Midwives say the move threatens the future of maternity services

Mark Gould

Friday, 22 July 2016

The government has sparked angry responses from nurses and trade unions with its announcement that the bursaries for student nurses and midwives are to end from next year.

They will be replaced by loans in a move which the Department of Health, in its response to consultation on the changes, says will save some £800 million a year, create more nursing posts, and help more students enter the profession.

The Royal College of Midwives (RCM) says the move will exacerbate recruitment problems. It estimates that there is a shortage of around 3,500 midwives in England alone. Because these plans are likely to make that shortage worse the RCM believes this policy to be a fundamental mistake.”

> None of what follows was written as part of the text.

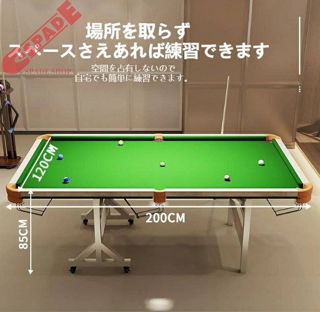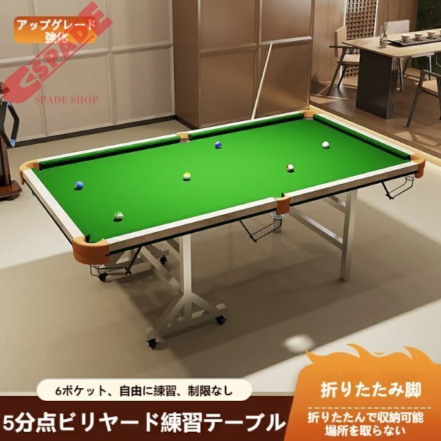 家庭用ビリヤード練習テーブル、スタンド式折りたたみタイプ、大人向けブラックエイトボール、5分点練習、クリアリングの戦略、ローヒット

Jon Skewes, the RCM director for policy, employment relations and communications said the college "unequivocally condemns" the plans.

"We have grave concerns for the future of maternity services and the midwifery profession in England as a result of this. Scotland, Wales and Northern Ireland have no plans to follow suit and we welcome their good sense.”

“Ministers have made minor concessions on the cost of placements and hardship, but this does not compensate for the large debts that midwifery students will experience and is not sufficient. The government has completely ignored the RCMs advice to make any loans forgivable if students then go to work in the NHS. The plans for England are likely to worsen the current shortage of midwives. Never has there been more demand for the midwifery care because of the rising birth rate."

The Royal College of Nursing (RCN) General Secretary Janet Davies said the plans were an “untested gamble”.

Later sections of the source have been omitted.